I think the current behavior of keyboard/menu Zoom is meant just as an aid to
people with poor eyesight who can't read small text. The change from Text Zoom
to Zoom is just because increasing the text without increasing anything else
can cause layout issues, so it increases everything. But it keeps the document
width the same because scrolling horizontally to read text sucks.
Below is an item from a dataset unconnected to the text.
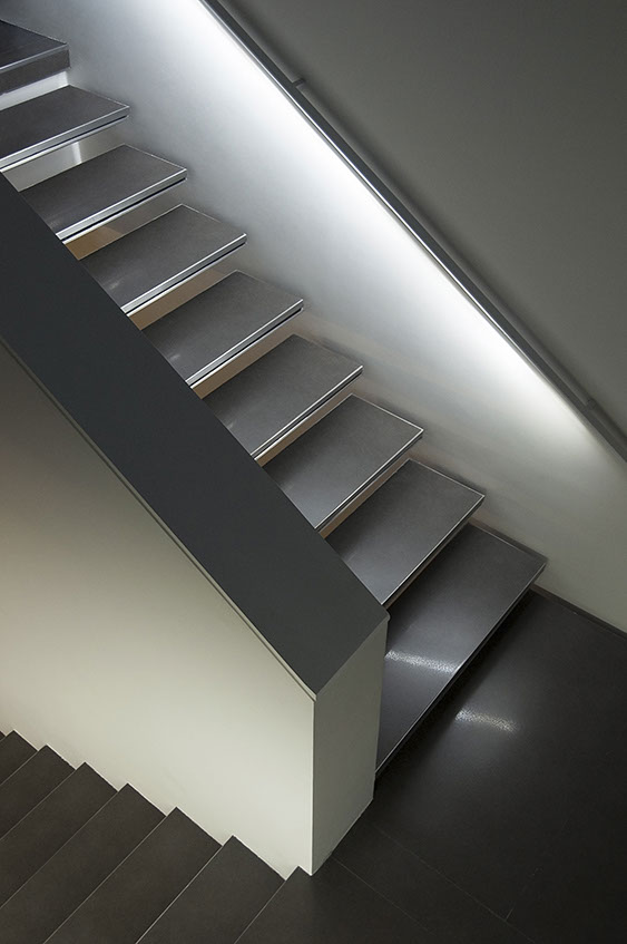با توجه به جهتگیری زمین به سمت جنوب و غرب، جداره صلب در ضلع جنوب-شرقی علاوه بر حفط محرمیت، ایجاد ارتباط درون و بیرون، و حل کردن کاربریها، در کنترل نورگیری فضاهای داخلی نقشی اساسی ایفا میکند. فضای آشپزخانه و اتاق خوابها در نمای پشت از نور شمال – متمایل به شرق – و فضای نشیمن اصلی در نمای جلو از نور جنوب – متمایل به غرب – برخوردارند که برای کنترل نور جنوب از پیشانی ساختمان و لوورها استفاده شده است. جداره شیشه ای بلند امکان بیشترین بهرهگیری از ارتباط درون با محیط باغ و همچنین یکپارچگی در فضای داخلی بین دو طبقه فراهم کرده است.
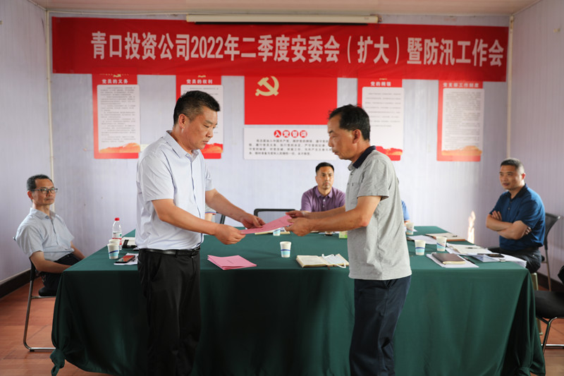 演練結束后,工作會在承擔主要防汛任務的三洋分場召開。會上,生產安全部匯報二季度安全工作情況,副總經(jīng)理許太冬傳達《關于深刻汲取近期事故教訓采取嚴厲措施堅決遏制事故多發(fā)勢頭的通知》,副總經(jīng)理楊守明布置公司安全工作及防汛工作,各單位遞交2022年度防汛工作責任書。

Meanwhile pinch-to-zoom scales everything because it acts just like iOS, and
because pinch-to-zoom isn't supposed to ever reflow anything (as that would be
inconsistent with pinch-to-zoom everywhere else). So pinch-to-zoom is useful
when you want to quickly zoom in on an element, as opposed to increasing the
text size of the entire page.

All that said, it's still interesting that keyboard/menu Zoom doesn't handle
layer scaling correctly. I'm guessing this is because the Zoom is not, in
fact, scaling the whole page. It's reflowing. I could imagine that if it
simply scaled all transforms you might get some odd behavior in various cases
where it escapes the bounds of the document. That said, the current observed
behavior is even stranger. It's hard to imagine what exactly is going on with
that transform as I adjust the keyboard/mouse Zoom.

------
jsprogrammer
Unfortunately, IE doesn't support `preserve-3d`; you have to keep track of
your own stack (and prepend it to all child transforms).

------
blowski
I think saying it's a 'sad state' is a bit dramatic. An 'imperfect state'
would be a better description.

I've used the matrix function a lot, and am perfectly happy with how it
renders across browsers. I would be happy if it was bug-free and easier to
use, but it still gives me a lot more power than if it didn't exist.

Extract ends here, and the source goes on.